With a secondary hub in Coimbatore, TrusTrace has established itself as a truly global business working to solve a global problem. “Sweden can’t have a secure climate if India isn’t lowering it’s emissions,” says Madhava, the company’s CTO. “The problem is globally connected because the supply chains are globally connected. It means we need a solution that works across borders, which can work at scale, and at a price point which is highly affordable.”
It was crucial, then, that TrusTrace would be able to implement traceability in garment manufacturing hubs like India, Bangladesh, and Vietnam without pushing the cost of this onto suppliers in these countries. “I am personally proud that we’re able to deliver this without any additional cost to the supplier,” says Madhava.
“We want to show to the industry that it’s possible to do traceability at scale and adapt sustainable practices at scale.”
Since launching TrustTrace, the founders have seen a promising increase of momentum around supply chain investment. “When we started to talk to brands, we realised they didn’t have any data beyond tier 1: their direct suppliers,” says Hrishikesh. “But I would say in the last 3 years, there has been a surge in people being a lot more aware, of brands wanting to make a change and realising it has to be done much faster than what they were doing.”

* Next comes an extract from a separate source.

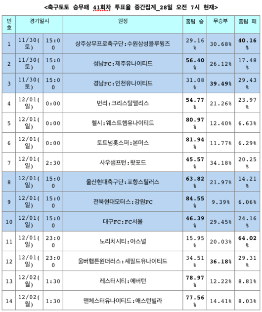한편, 이번 승무패 41회차는 오는 11월 30일(토) 오후 2시 50분에 발매를 마감하며, 경기가 모두 종료된 후에 결과가 공식 발표된다.

They all agree, there’s a long road ahead before the majority of the industry is on board with their mission. “It’s improving, but it needs to improve at a faster pace,” says Saravanan. “We’re at a place where the industry still doesn’t know exactly how traceability can be incorporated into larger business plans.” The ultimate challenge is for TrusTrace to prove to the industry that investing in solutions to improve supply chain transparency can actually be good for business. “It’s a tough concept for some businesses to understand, because it means decreasing sales to make the industry more sustainable,” says Saravanan. “We want to show to the industry that it’s possible to do traceability at scale and adapt sustainable practices at scale.”
There are countless milestone moments that stand out to the four founders, from hiring the core team members to securing the first clients, then eventually working with some of the biggest fashion groups in the world. “The problems we’re solving haven't been solved before, with the approach we’re taking,” says Madhava. “So these were big hypothesis validating points that gave us the confidence to know we can scale the business.” As for the future, the founders have ambitions to lead the fashion industry to a better future by harnessing their tech solutions. “If we’re able to create a responsibility production movement across the globe, it will rejuvenate the planet and make the lives of a lot of people very rich – not in money, but by having a better life,” says Shameek.
From industry outsiders to sustainability solution leaders, it’s been quite the journey for the four founders of TrusTrace, and it’s only the start. “In the beginning, I was hoping that we could make a small dent in this entire thing,” says Hrishikesh. “And that still is the motivation for TrusTrace: we want to see how many people we can influence.”